Mas a CET precisa ser remunerada para poder atuar, ou seja,
ele precisa cobrir os custos de todos os tipos de despesas que uma empresa de
grande porte incorre. Como qualquer empresa, a CET deve publicar balanços
(essas coisas misteriosas que a gente não consegue decifrar), então, quem sabe
se nos balanços da CET é possível obter alguma informação? Vejamos.
O último balanço da CET compreende o mês de novembro de 2012,
com dados do mês e acumulados do ano até esse mês. É possível extrapolar os
totais do ano por projeção 11+1.
Quanto a empresa fatura por ano? O demonstrativo
discrimina em 1- Receitas o valor de R$ 619,746 milhões até novembro,
projetando 676,086 milhões no ano. Recitas provenientes de que? De “vendas de
mercadorias, produtos e serviços”. Para quem? Boa pergunta. A CET “vendeu”, em
milhões de Reais:
Nov/2012 Proj/2012 Cliente
·
Serviços de
Engenharia de Tráfego 521,416
568,817 PMSP
·
Exploração de Estac.
Zona Azul 58,069 63,348 Público
·
Eventos Diversos* 19,456 21,225 Organizadores
·
Outras Receitas 20,805 22,696
Total venda de mercadorias, produtos e serviços 619,746 676,086
*Grandes eventos que requerem intervenção de Agentes de
Trânsito e outras ações.
É bom lembrar neste momento que é a Prefeitura quem decide “quanto
serviço vai comprar da CET”, estando o valor a ser despendido definido no
orçamento do ano em curso, em geral preparado no ano anterior. É bom lembrar
também que esses “serviçinhos” se referem a praticamente TODA a gestão do
trânsito dessa cidade monstro que é São Paulo. No entanto, a CET vive com ~ 60%
do valor arrecadado com multas e mais alguns trocados provenientes de outras
fontes. Admira-me que haja gente que aceite a presidência da CET (já tive
amigos nesse cargo e sei como eles sofriam no dia a dia...).

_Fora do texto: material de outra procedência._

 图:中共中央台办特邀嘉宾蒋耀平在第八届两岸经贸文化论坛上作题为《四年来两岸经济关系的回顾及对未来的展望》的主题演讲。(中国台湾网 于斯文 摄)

E o IPVA? Seria interessante se o Estadão ou outro órgão da
mídia, se valendo da mesma lei de Acesso à Informação questionasse o governo do Estado a
fim de verificar se os valores arrecadados foram repassados devidamente.

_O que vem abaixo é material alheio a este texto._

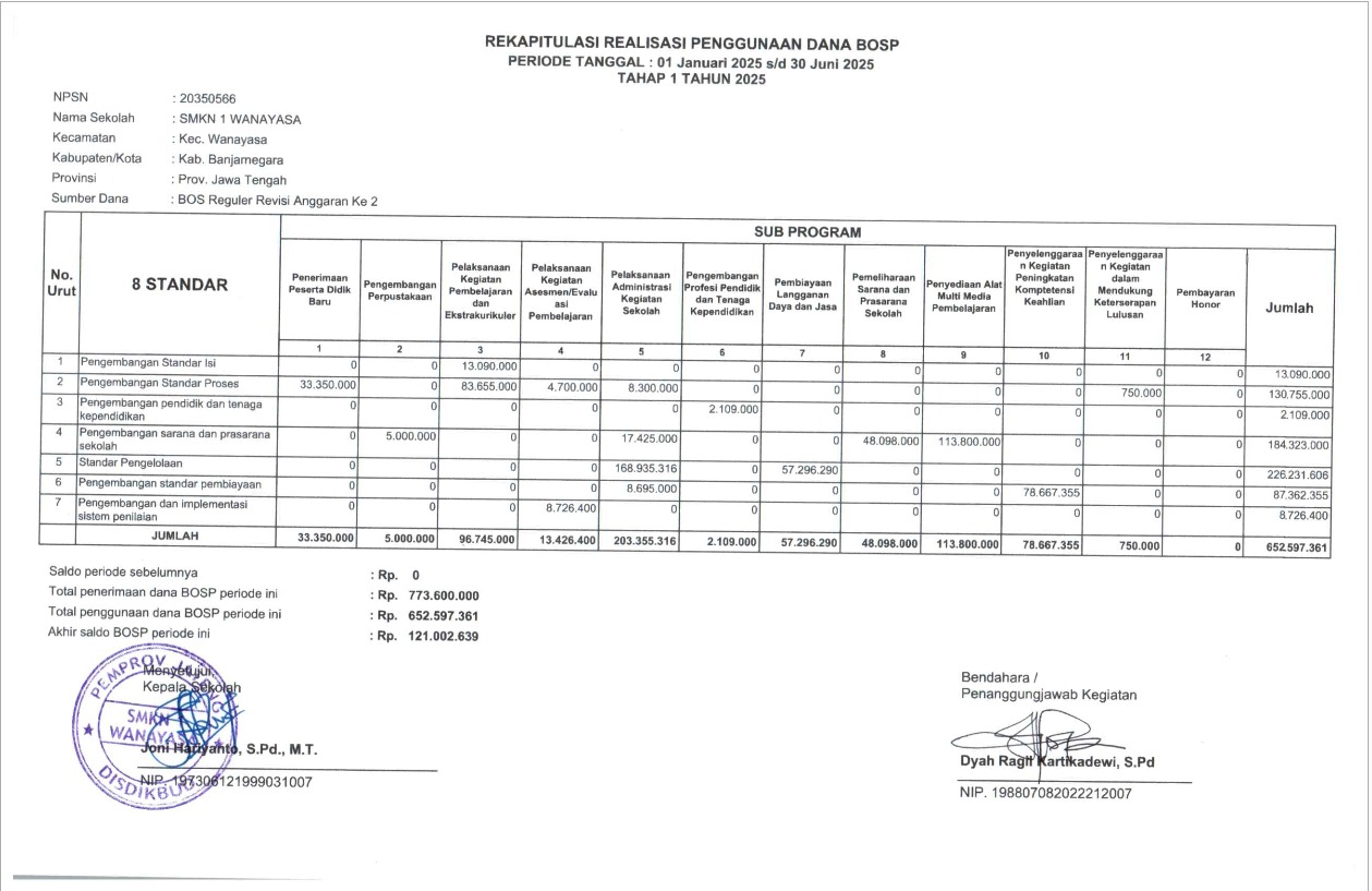 Rekapitulasi Penggunaan Dana BOSP SMKN 1 Wanayasa Periode Tanggal 1 Juli - 31 Desember 2025 Tahap 2 Tahun 2025

Segundo o Instituto Brasileiro de Planejamento Tributário a arrecadação do IPVA
no estado foi de 11,37 bilhões de Reais em 2012. A legislação diz que
50% do imposto ficam com o Estado e 50% com o município em que o veículo está
registrado. A frota da cidade, segundo o DETRAN, é de 7,4 milhões de veículos
ou 30% do total do Estado. Sendo assim, a cidade de São Paulo deve ter recebido
por volta de 1,7 bilhão de reais, que somado ao valor das multas implica num
total de 2,6 bilhões de reais! O Estado repassou o que devia? Se sim, o que a
Prefeitura fez com esse dinheiro? Sabemos que o IPVA é um imposto e que
impostos não podem ser vinculados e determinados fins, mas é mais do que justo
imaginar que valores equivalentes deveriam estar sendo investidos na
manutenção e melhoria da infraestrutura de transporte da cidade, preferencialmente
na GESTÃO DO TRÂNSITO e MELHORIA DO EQUIPAMENTO URBANO, que se encontram em
péssima situação, prejudicando indiscriminadamente os transportes coletivo e
particular, em fluidez e segurança.
Resumindo, a Prefeitura não põe um tostão de sua arrecadação
normal de impostos na gestão do trânsito, como se trânsito fosse um assunto de
quinta categoria. Nesse momento vou imaginar um “faz de conta”. Faz de conta
que por alguma razão, seja pela ação de alguém como Mahatma Gandhi incitando
uma greve branca, ou por bruxarias da turma de Harry Potter, TODOS os
motoristas da cidade deixem de cometer infrações de trânsito. A arrecadação de
multas vai cair a zero. Pergunto: a gestão do trânsito deixa de ser necessária?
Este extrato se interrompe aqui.